LE DUNE DONT VOUS ÊTES LE HÉROS

Des deux versions, celle de Cryo Interactive est la plus proche du livre et du film. Débarrassé de certains pans secondaires de l’histoire, le jeu se concentre sur la folle ascension de Paul Atréides. Toute la partie aventure se déroule comme dans un Myst, c'est-à-dire en vue subjective, avec des déplacements « écran par écran » et de nombreux dialogues à choix multiples. Les nombreuses situations rencontrées captent si bien l’essence du livre qu’elles témoignent d’un profond respect de l’œuvre originale. Il s’agit ici de rallier les Fremen à sa cause, d’utiliser son ornithoptère (une sorte d’hélico) pour se déplacer, de se procurer des moissonneuses pour livrer de l’épice à l’Empereur, de chevaucher des vers géants et de revivre des scènes fortes de l’histoire. Le titre va même jusqu’à prendre des allures de stratégie lorsqu’il est question de combattre les Harkonnen, ennemis jurés des Atréides. La carte du monde permet de voir l’emplacement des groupes Fremen alliés, de choisir leur spécialité (combat, récolte, etc.), de les équiper ou de les déplacer en vue de préparer l’assaut final. Ce n’est ni du temps réel ni un STR comme on le connaît aujourd’hui, mais la dimension gestion/stratégie de Dune épate par l’impression de puissance qu’elle insuffle. Soutenue par l’inoubliable bande-son de Stéphane Picq et de Philippe Ulrich, magnifiée par une direction artistique à l’épreuve du temps, cette audacieuse adaptation reste idéale pour replonger dans l’univers de Franck Herbert, d’où son statut d’œuvre culte aujourd’hui.

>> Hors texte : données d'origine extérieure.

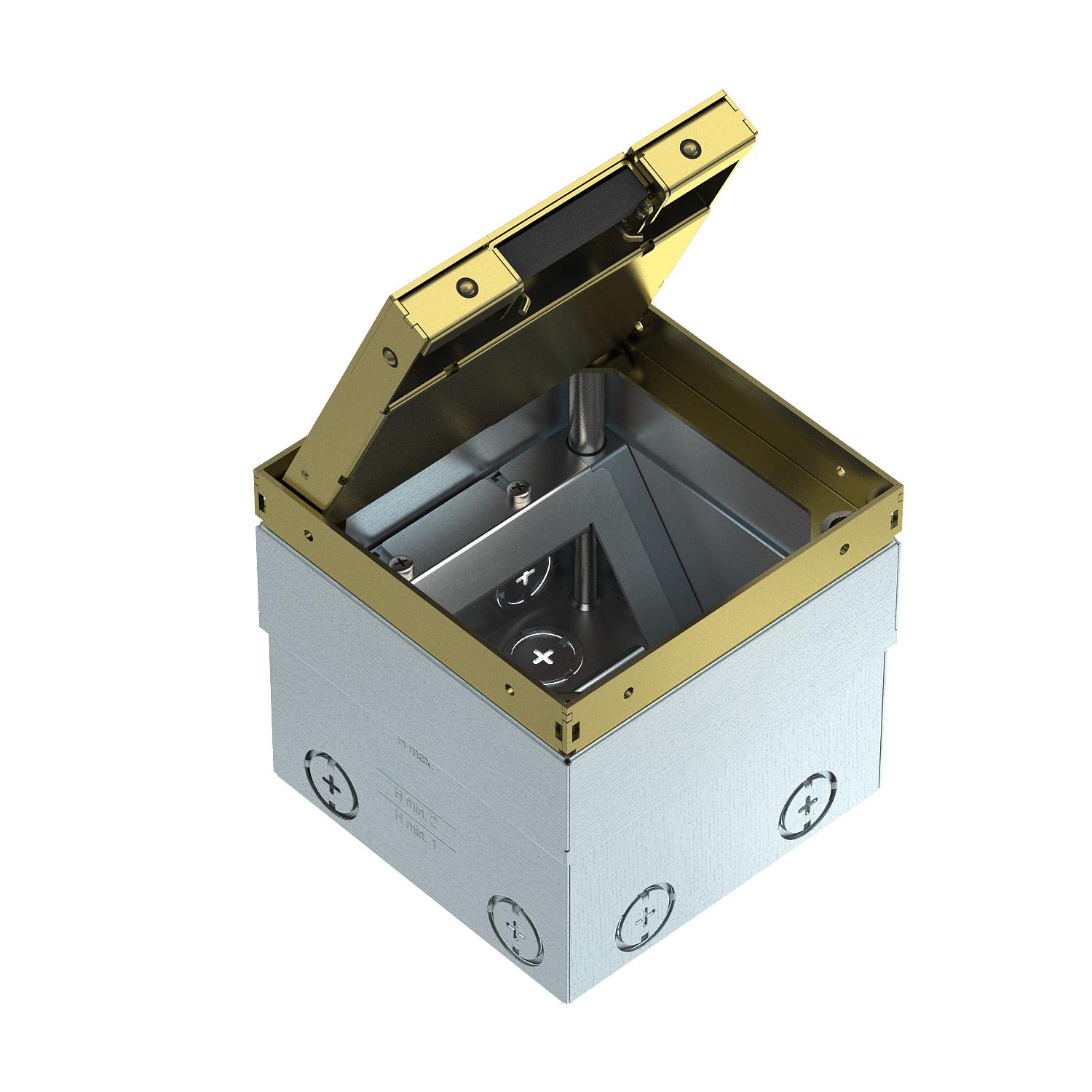 Product descriptionSquare floor socket for use in dry-care cavity and screed floors in indoor areas. Installation housing with pre-marked insertion openings for pipes (M20/M25). Cover adjustable to top edge of floor covering using four height-adjustment supports. The minimum installation depth is 110 mm, the height-adjustment range 25 mm.Frame and cover made of brass and visible in the floor covering. Empty housing for up to 2 Modul 45® devices in the mounting support and 2 data sockets in the optional data technology support.

L’ÉPICE : L’ESSENCE DE DUNE

À l’inverse de Cryo, Westwood s’est écarté de l’intrigue de Dune. Le studio a (brillamment) exploité l’univers pour créer un jeu de stratégie en temps réel, où l’histoire tient moins d’importance que les mécaniques de jeu. Les libertés sont nombreuses : aux clans des Atréides et des Harkonnen s’ajoute une faction inédite, les Ordos, qui n’existe pas dans l’œuvre de Franck Herbert. De plus, les trois maisons cherchent à conquérir la planète des sables en exploitant l’épice, ce qui peut paraître bien simpliste face à la complexité scénaristique de la saga. Reste que le titre offre un terrain de jeu fabuleux pour un genre dont il pose les bases. Comprenez bien : si les god games et les 4X (eXplore, eXpand, eXploit, eXtermine) existaient déjà, Dune II oriente son gameplay vers le combat pour une formule toujours d’actualité. L’objectif consiste ici à diriger ses unités pour récolter une ressource le plus efficacement possible, construire des bâtiments qui débloqueront de nombreux bonus et bâtir une armée capable d’éliminer le camp adverse. Non seulement le concept fonctionne à merveille, mais il brille par des détails qui font mouche aux yeux des fans : exploiter l’épice, se faire conseiller par un mentat, appréhender l’arrivée d’un ver des sables en s’aventurant dans le désert profond… C’est à croire que l’univers de Dune est taillé pour servir le genre ! Évidemment, la jouabilité paraît désuète aujourd’hui. Il n’est même pas possible de sélectionner plusieurs unités pour les déplacer en même temps. Mais fort de cette expérience réussie, Westwood Studios améliorera sa formule en 1995 avec Command & Conquer, le titre qui démocratisera cette vision du STR. Deux décennies plus tard, C&C, Age of Empires, Warcraft ou Starcraft sont considérés comme les ambassadeurs du genre. Mais tous reconnaissent qu’une partie de leur essence provient de l’épice.